Design and implementation of a digital infrastructure for autonomous open-die forging

Abstract

Open-die forging is a key process for manufacturing large components such as generator shafts and crankshafts for ship engines. Despite its industrial relevance, the process remains dependent on manual labour and operator expertise, leading to challenges in process stability, reproducibility, and efficiency. Traditional automation approaches are impractical due to the high variability and low production volumes typical of open-die forging. At the Institute of Metal Forming (IMF) at the TU Bergakademie Freiberg, a novel concept for autonomous open-die forging has been developed and tested.
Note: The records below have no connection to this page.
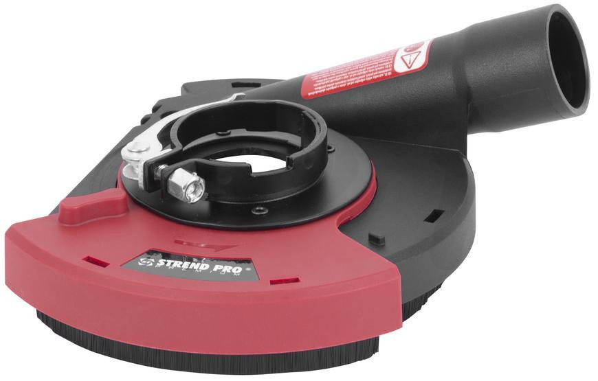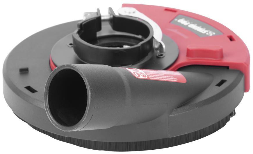 A Burkolat Strend Pro DP128 elszívó fedél 115 / 125 mm tárcsaátmérőjű sarokcsiszolókhoz készült, hogy munka közben hatékonyan elszívja a port és megóvja a légutakat. A masszív, fekete-piros szerkezet bírja a nagy igénybevételt, a körbefutó kefe pedig szorosan zár a munkadarabon, így minimálisra csökkenti a porszóródást. A fedélre egyszerűen rögzíthető porszívócső, így tiszta, átlátható munkakörnyezetet biztosít beton, csemperagasztó vagy vakolat csiszolásakor.
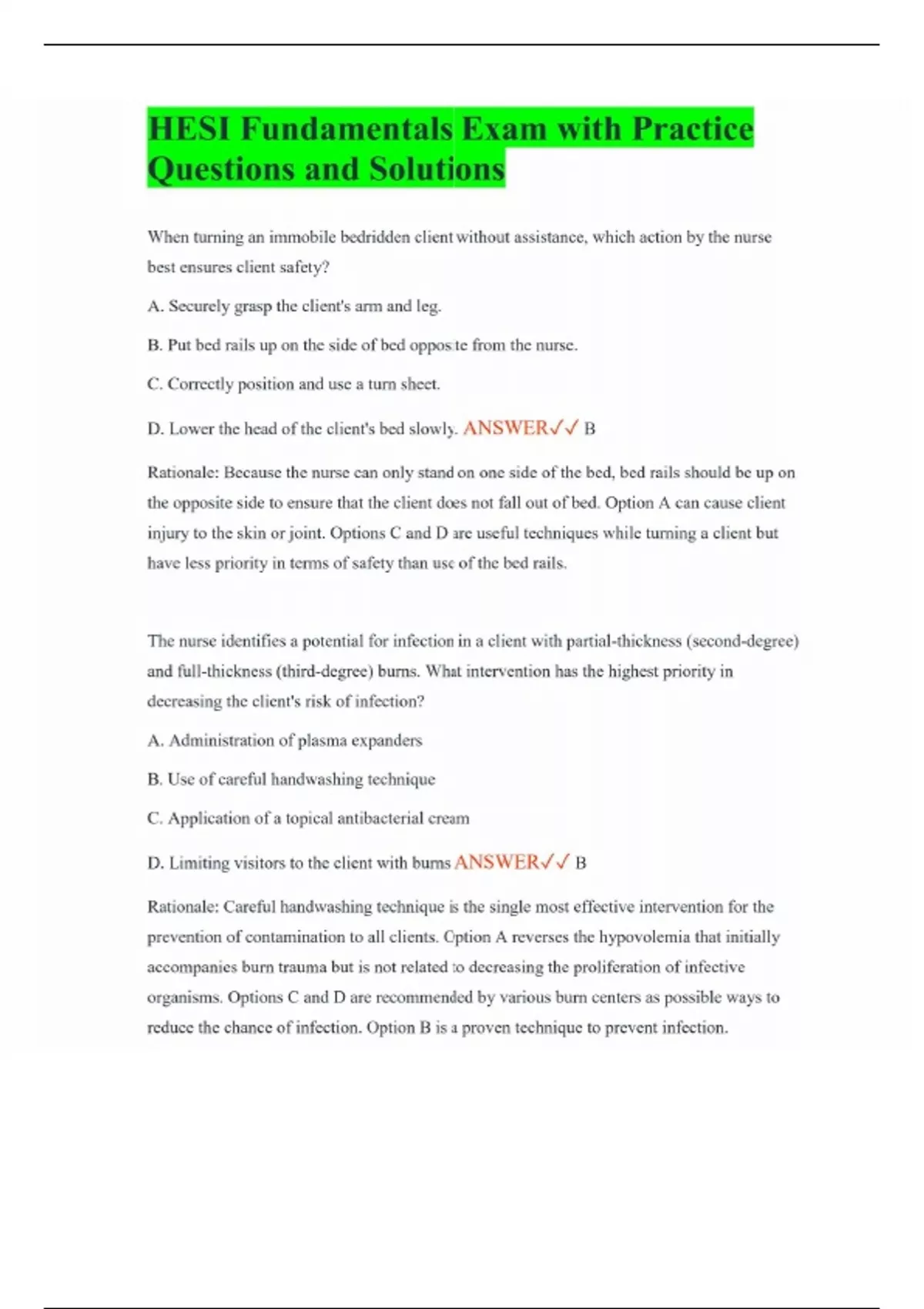 HESI Fundamentals Exam with Practice Questions and Solutions When turning an immobile bedridden client without assistance, which action by the nurse best ensures client safety? A. Securely grasp the client's arm and leg. B. Put bed rails up on the side of bed opposite from the nurse. C. Correctly position and use a turn sheet. D. Lower the head of the client's bed slowly. ANSWER B Rationale: Because the nurse can only stand on one side of the bed, bed rails should be up on the opposite side to ensure that the client does not fall out of bed. Option A can cause client injury to the skin or joint. Options C and D are useful techniques while turning a client but have less priority in terms of safety than use of the bed rails. The nurse identifies a potential for infection in a client with partial-thickness (second-degree) and full-thickness (third-degree) burns. What intervention has the highest priority in decreasing the client's risk of infection? A. Administration of plasma expanders B. Use of careful handwashing technique C. Application of a topical antibacterial cream D. Limiting visitors to the client with burns ANSWER B Rationale: Careful handwashing technique is the single most effective intervention for the prevention of contamination to all clients. Option A reverses the hypovolemia that initially accompanies burn trauma but is not related to decreasing the proliferation of infective organisms. Options C and D are recommended by various burn centers as possible ways to reduce the chance of infection. Option B is a proven technique to prevent infection.
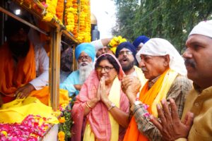 उज्जैन,गुरु ग्रंथ साहिब कीर्तन की सवारी आसम के गुरुद्वारा से प्रारंभ होकर महाराष्ट्र,उत्तर प्रदेश, मध्य प्रदेश राजस्थान होते हुए पंजाब प्रांत पर समापन होगी इस अवसर पर गुरु गुरु ग्रंथ साहिब सवारी में शस्त्रों के लिए प्रदर्शित वाहन में तेग़ बहादुर हिंद के शस्त्र को चलित वाहन में सजाया गया इस अवसर पर वरिष्ठ समाजसेवी श्री नारायण यादव, नगर अध्यक्ष श्री संजय अग्रवाल, महामंत्री श्री कमलेश बैरवा, श्री आनंद सिंह खींची, पार्षद श्रीमती नीलम राजा कालरा, समाज के अनु अरोड़ा, श्री सुरेंद्र सिंह टुटेजा, श्री इकबाल सिंह गांधी, श्री चरण सिंह कालरा, श्री चरण सिंह गिल, श्री बंटी मोंगा आदि उपस्थिति रहे।
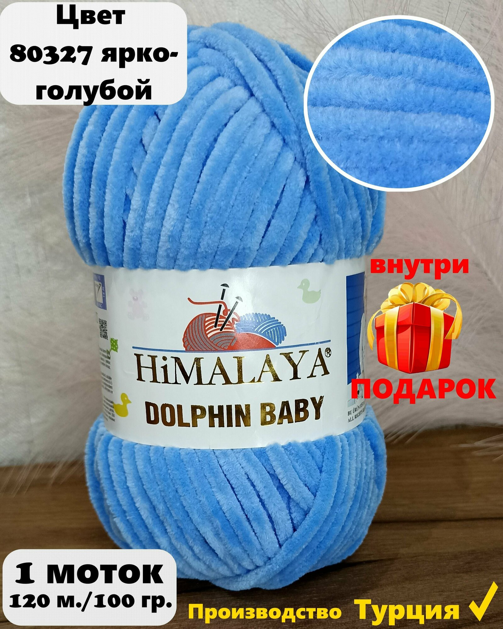 Плюшевая пряжа Himalaya Dolphin baby 1шт, 354 лазурный , 100г. 120м.

The system combines conventional forging equipment with advanced technologies, including industrial robotics, 3D laser scanning, thermal imaging, and modular control software. Central to the concept is a robot cell operating as a distributed system, where sensor data is used to create a digital twin of the workpiece. This enables adaptive process planning and real-time autonomous operative adjustments. A process planning tool generates pass sequences and commands for manipulator movements, while an electromechanical interface allows indirect control of the forging press. The modular software architecture, coordinated by a central core-module, ensures flexibility and facilitates integration into different production environments. Initial trials demonstrate the system’s potential to improve process stability and quality while reducing dependency on manual operation. Ongoing work focuses on refining the concept to meet industrial requirements and support advanced material applications.